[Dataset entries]
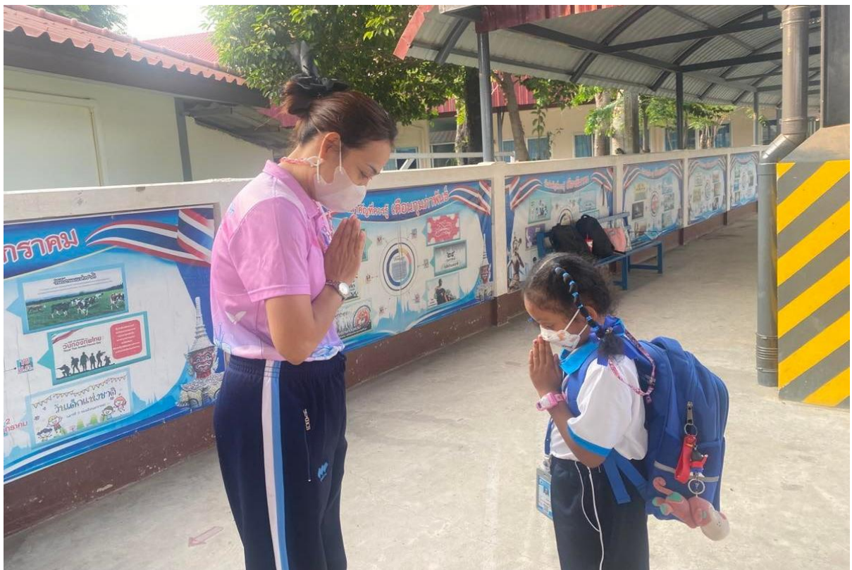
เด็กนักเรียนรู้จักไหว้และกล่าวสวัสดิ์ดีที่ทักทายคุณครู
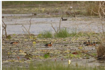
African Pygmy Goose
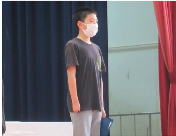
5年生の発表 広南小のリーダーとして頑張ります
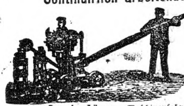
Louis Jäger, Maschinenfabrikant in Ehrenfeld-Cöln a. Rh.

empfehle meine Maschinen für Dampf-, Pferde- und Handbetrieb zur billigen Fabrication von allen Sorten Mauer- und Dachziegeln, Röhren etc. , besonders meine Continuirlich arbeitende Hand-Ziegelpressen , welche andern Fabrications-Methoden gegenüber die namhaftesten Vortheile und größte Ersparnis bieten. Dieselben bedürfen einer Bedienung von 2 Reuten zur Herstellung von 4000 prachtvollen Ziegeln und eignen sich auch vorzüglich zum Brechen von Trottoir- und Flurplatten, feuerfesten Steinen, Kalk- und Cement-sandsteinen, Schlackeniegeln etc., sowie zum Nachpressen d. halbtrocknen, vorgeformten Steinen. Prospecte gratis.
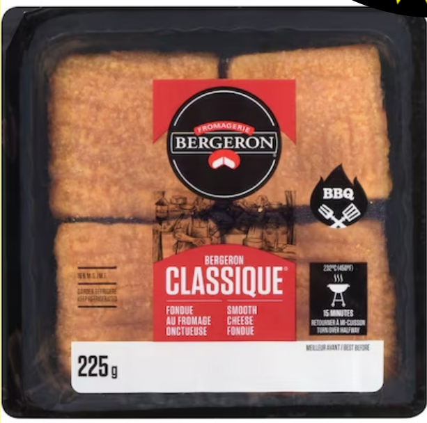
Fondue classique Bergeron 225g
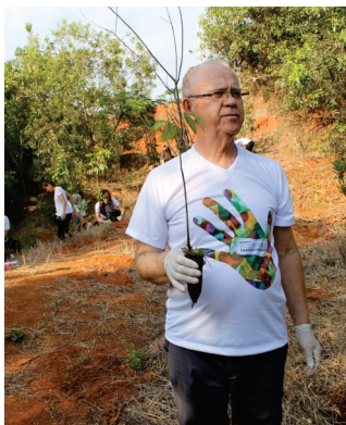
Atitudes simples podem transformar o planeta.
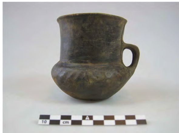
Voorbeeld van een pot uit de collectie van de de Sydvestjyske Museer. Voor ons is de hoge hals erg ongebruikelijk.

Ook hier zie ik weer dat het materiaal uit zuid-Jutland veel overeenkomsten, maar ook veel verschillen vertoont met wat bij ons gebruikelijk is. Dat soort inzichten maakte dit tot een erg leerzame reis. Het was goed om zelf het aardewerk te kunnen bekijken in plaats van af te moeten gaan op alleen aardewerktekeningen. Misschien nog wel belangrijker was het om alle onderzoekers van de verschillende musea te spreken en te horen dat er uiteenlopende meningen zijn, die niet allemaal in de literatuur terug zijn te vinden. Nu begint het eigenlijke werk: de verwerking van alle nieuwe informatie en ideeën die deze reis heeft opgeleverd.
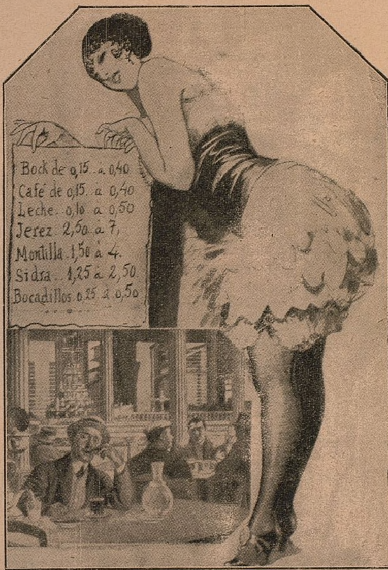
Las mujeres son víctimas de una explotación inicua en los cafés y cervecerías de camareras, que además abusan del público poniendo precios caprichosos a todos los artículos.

● Activity
Beginning with the line above that contains "Fondue classique Bergeron 225g" and finishing with the line that contains "Voorbeeld van een", print those lines exactly and only. Skip all pictures.

● Response area
Fondue classique Bergeron 225g
Atitudes simples podem transformar o planeta.
Voorbeeld van een pot uit de collectie van de de Sydvestjyske Museer. Voor ons is de hoge hals erg ongebruikelijk.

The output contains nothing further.